• **Supplied material**
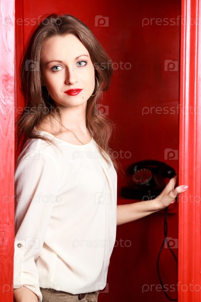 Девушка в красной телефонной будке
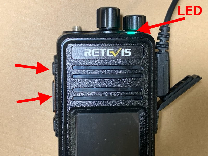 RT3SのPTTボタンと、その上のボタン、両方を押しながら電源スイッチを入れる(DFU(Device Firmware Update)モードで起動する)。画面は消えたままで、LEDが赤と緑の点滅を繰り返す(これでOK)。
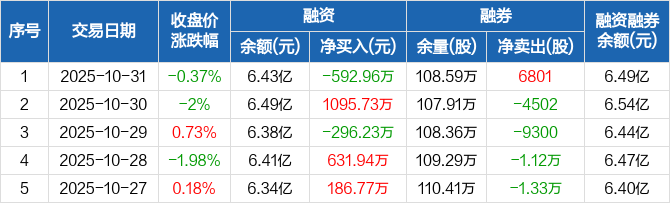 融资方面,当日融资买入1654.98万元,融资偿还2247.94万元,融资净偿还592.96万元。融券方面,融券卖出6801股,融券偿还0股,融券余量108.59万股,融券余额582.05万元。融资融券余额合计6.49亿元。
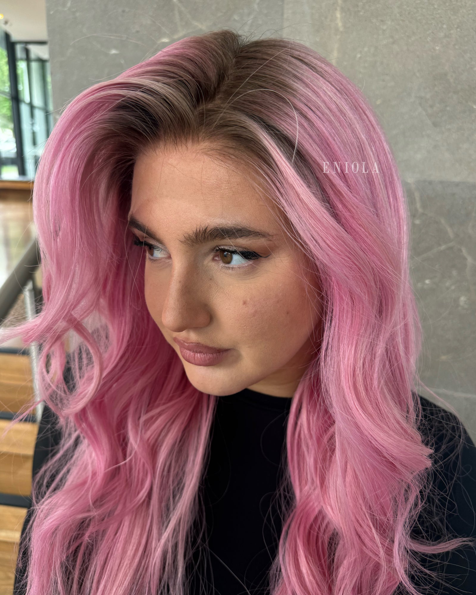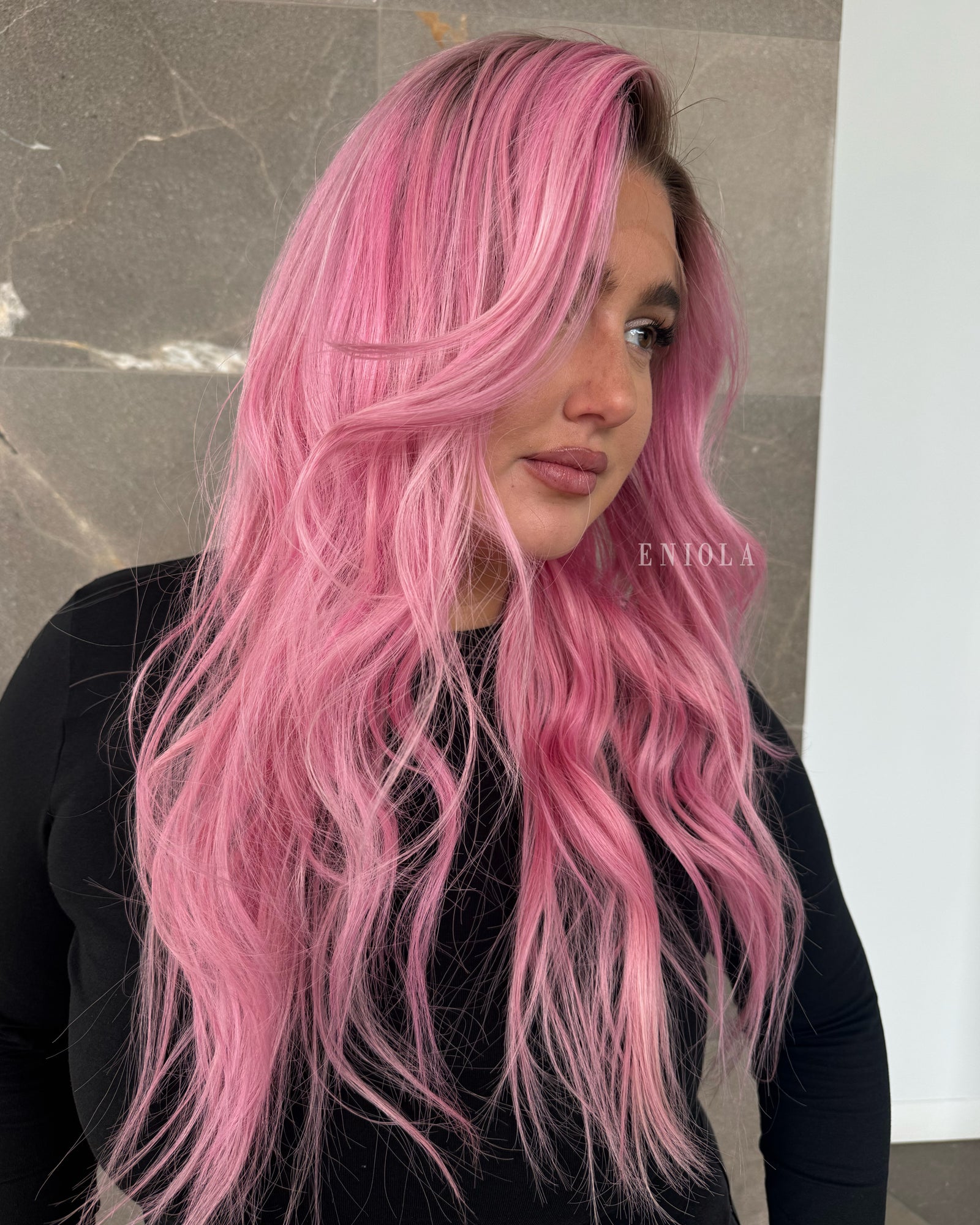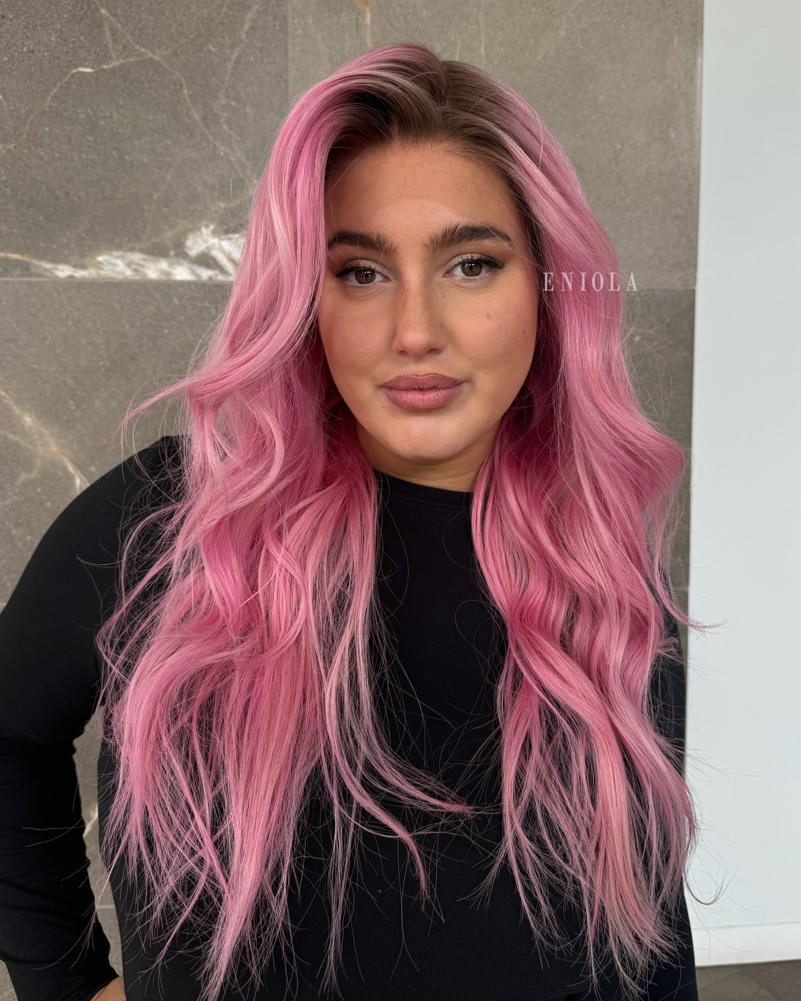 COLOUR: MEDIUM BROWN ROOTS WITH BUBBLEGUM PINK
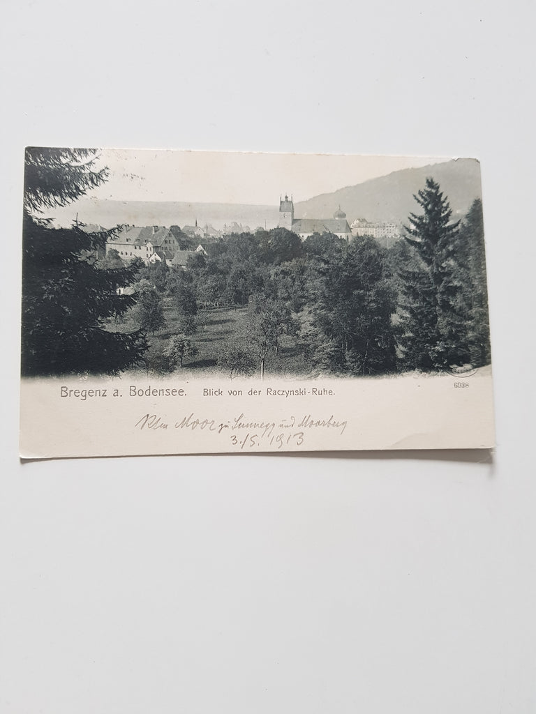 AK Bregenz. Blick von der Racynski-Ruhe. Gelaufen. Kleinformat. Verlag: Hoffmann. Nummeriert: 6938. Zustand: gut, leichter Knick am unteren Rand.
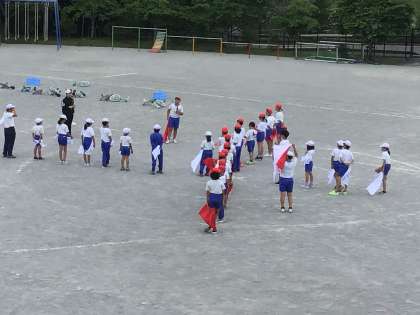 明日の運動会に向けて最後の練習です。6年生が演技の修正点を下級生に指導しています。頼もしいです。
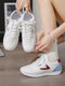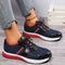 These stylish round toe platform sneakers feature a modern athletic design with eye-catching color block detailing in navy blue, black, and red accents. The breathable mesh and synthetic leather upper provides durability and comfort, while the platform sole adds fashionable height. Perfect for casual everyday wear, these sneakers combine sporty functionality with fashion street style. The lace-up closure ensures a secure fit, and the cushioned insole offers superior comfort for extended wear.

• **What needs to be done**
With pictures omitted, copy exactly the lines from the one containing "COLOUR: MEDIUM BROWN" through the final line of the listing, both included.

• **Result**
 COLOUR: MEDIUM BROWN ROOTS WITH BUBBLEGUM PINK
 AK Bregenz. Blick von der Racynski-Ruhe. Gelaufen. Kleinformat. Verlag: Hoffmann. Nummeriert: 6938. Zustand: gut, leichter Knick am unteren Rand.
 明日の運動会に向けて最後の練習です。6年生が演技の修正点を下級生に指導しています。頼もしいです。
 These stylish round toe platform sneakers feature a modern athletic design with eye-catching color block detailing in navy blue, black, and red accents. The breathable mesh and synthetic leather upper provides durability and comfort, while the platform sole adds fashionable height. Perfect for casual everyday wear, these sneakers combine sporty functionality with fashion street style. The lace-up closure ensures a secure fit, and the cushioned insole offers superior comfort for extended wear.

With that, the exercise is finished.